Avec ses séries de romans, Jody Picoult a prouvé depuis longtemps qu’elle excellait comme narratrice. Maintenant, elle écrit un livre intitulé « Pardonne-lui » dont les personnages sont eux-mêmes des narrateurs. Ce livre est rempli du style particulier de Picoult, sa façon de se servir des mots et sa capacité à faire de n’importe quelle histoire un récit moderne et innovant. Ceci est très important parce que le sujet de « Pardonne-lui » est l’Holocauste, un sujet qui a été examiné dans à peu près toutes les manières possibles et imaginables.
Le personnage principal de « Pardonne-lui » est Sage Singer, une jeune femme meurtrie par le chagrin et qui participe à un groupe de soutien. Elle est dans ce groupe à cause du décès récent de sa mère. Cette dernière est morte à la suite d’un accident de voiture dans lequel Sage était au volant. L’accident a laissé des cicatrices profondes sur le visage de Sage, d’où sa réticence à apparaître en public. Aussi, elle accepte un emploi de boulangère qui lui permet de travailler de nuit et échapper ainsi aux yeux de ses semblables.

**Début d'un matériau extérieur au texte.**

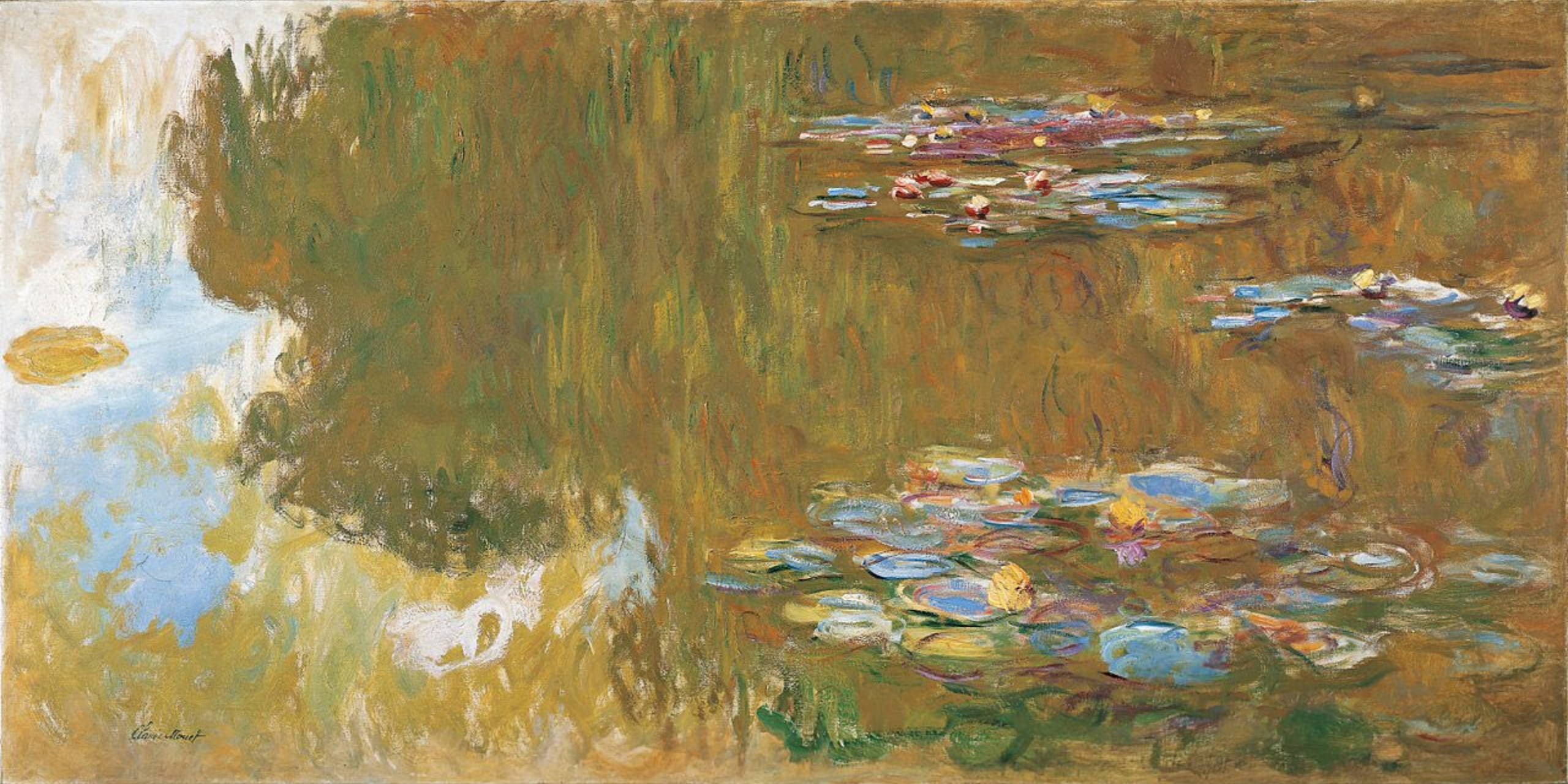
Water Lily Pond -- Claude Monet, Albertina, Vienna, Austria
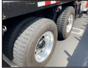
UNIT NO. 3 TIRE VIEW

Dans son groupe de soutien, il y a aussi un enseignant retraité du nom de Josef Teller. Il est assez âgé, mais au fil de leurs réunions il se prend d’affection pour Sage et la considère peu à peu comme une amie. Plus tard, il lui demandera de l’aider à mettre fin à ses jours. Elle est bien entendu horrifiée par cette demande, mais ensuite il lui révèle qu’il servait dans l’Armée d’Hitler pendant la Seconde Guerre mondiale et qu’il a fait des choses horribles aux Juifs.
Sage n’est pas une Juive pratiquante à l’instar de sa grand-mère. Cette dernière faisait également partie des gens de confessions juives qui ont été persécutés pendant la guerre. Alors que Sage essais de prendre sa décision concernant Teller, il commence à lui raconter son histoire. En parallèle, sa grand-mère lui raconte également son histoire. Ces deux histoires, racontées du point de vue de la victime et du bourreau, aident Sage à prendre sa décision.

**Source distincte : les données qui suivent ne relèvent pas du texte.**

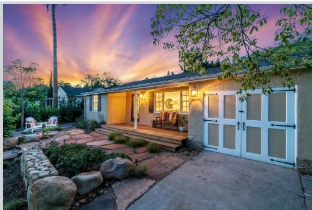
Sold Comp 1 3064 Lucinda Ln
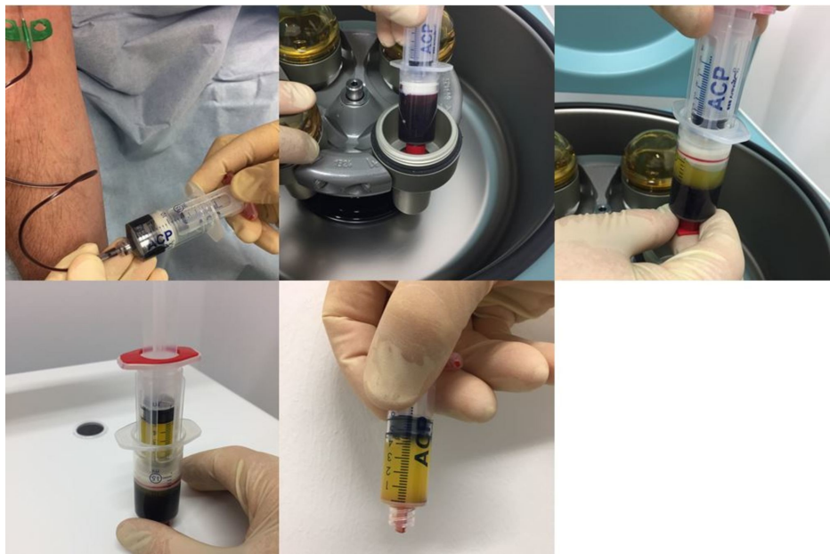
FIGURE 1: Preparation of platelet-rich plasma (PRP).
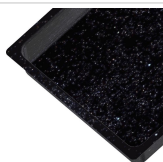
Enameled GN container

Picoult est une narratrice si magistrale que les deux histoires prennent vie de façon éclatante à travers les pages du livre. Les horreurs de la guerre sont révélées avec force détails, mais l’impact de ces récits est, en quelque sorte, muet. Nous savons que ces deux personnages ont survécu malgré tout ce qu’ils ont pu vivre. Ceci rend leurs histoires moins pénibles à lire.
Sage est aussi un personnage qui attire de la compassion. Elle est indécise, pleine d’insécurités et en contradiction avec sa vie. Sa sérénité, face aux histoires qu’elle entend, rend le récit aussi plus facile pour le lecteur et lui évite de tomber dans la passion. Tout du moins, on arrive à naviguer dans l’histoire sans être aussi touché et horrifié face à tant d’horreur.
La patte particulière de Picoult est toujours présente : l’attention portée aux détails, le point de vue narratif de plusieurs personnages plutôt qu’un seul, et une touche finale qui sera une surprise pour certains lecteurs.